When the call for “price transparency” came to America’s hospitals, shouldn’t it have also gone to the supplier community as well?

Imagine a world where cost information is kept from patients, physicians, boards of directors, auditors, insurance payors, and consultants. Imagine a world where you cannot share certain financial performance information with those same constituents to get advice. Imagine a world where you must negotiate a contract in a vacuum, without benchmarking information, or legal assistance. Imagine a world where language printed on an invoice, different from a negotiated contract, creates a binding contract if paid by your organization.

That world may be closer than we think.

Suppliers are beginning to place confidentiality clause language in their contracts. The clause prevents hospitals from discussing details of a contract with anyone--unless the supplier, at their sole discretion provides prior written authority to release that information. That means you can’t tell your patient what the product cost. You can’t tell the physician what it cost. You can’t tell your board of directors the terms of an agreement. You can’t even share the information with an insurance payor to get a better rate on your procedures. It is illegal to tell a consultant engaged in negotiating contracts on your behalf. And, finally, you would need prior written consent for your auditors to review your files for an audit.

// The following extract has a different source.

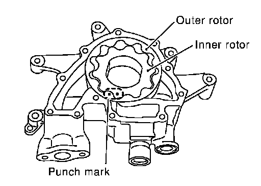 - Install oil pump inner rotor and oil pump outer rotor with the punched marks on the oil pump cover side.
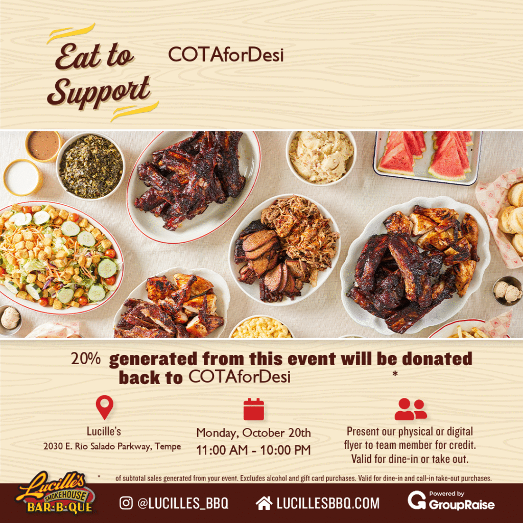 Fundraiser at Lucille’s BBQ at Tempe Marketplace — October 20th — supporting COTAforDesi!

What if all suppliers took this approach to claiming their pricing information is confidential and your hospital doesn’t own its purchase price data? Who’s next to be sued? The local audit firm for looking at invoices during a routine audit? The insurance company for requesting a copy of implant invoices to verify pass through pricing? The hospital for providing information to better manage their chargemaster?

Hospitals aren’t asking to be able to share confidential contract information with the hospital down the street. Nor are we asking to share it with the supplier’s competitors. At the end of the day we just want to be able to do business as usual, get a fair deal from the insurance payor, and know whether we’re getting a good deal when we negotiate a contract. Is that too much to ask?

Call your senator or representative and get them to look into this issue. After all, the federal government is picking up the tab on the majority of healthcare purchases. Without cost information, and the ability to get a fair deal, how much more will taxpayers spend on healthcare? Not to mention the fact that hospitals can’t be transparent with their prices if they can’t share information regarding what they paid from suppliers with their patients.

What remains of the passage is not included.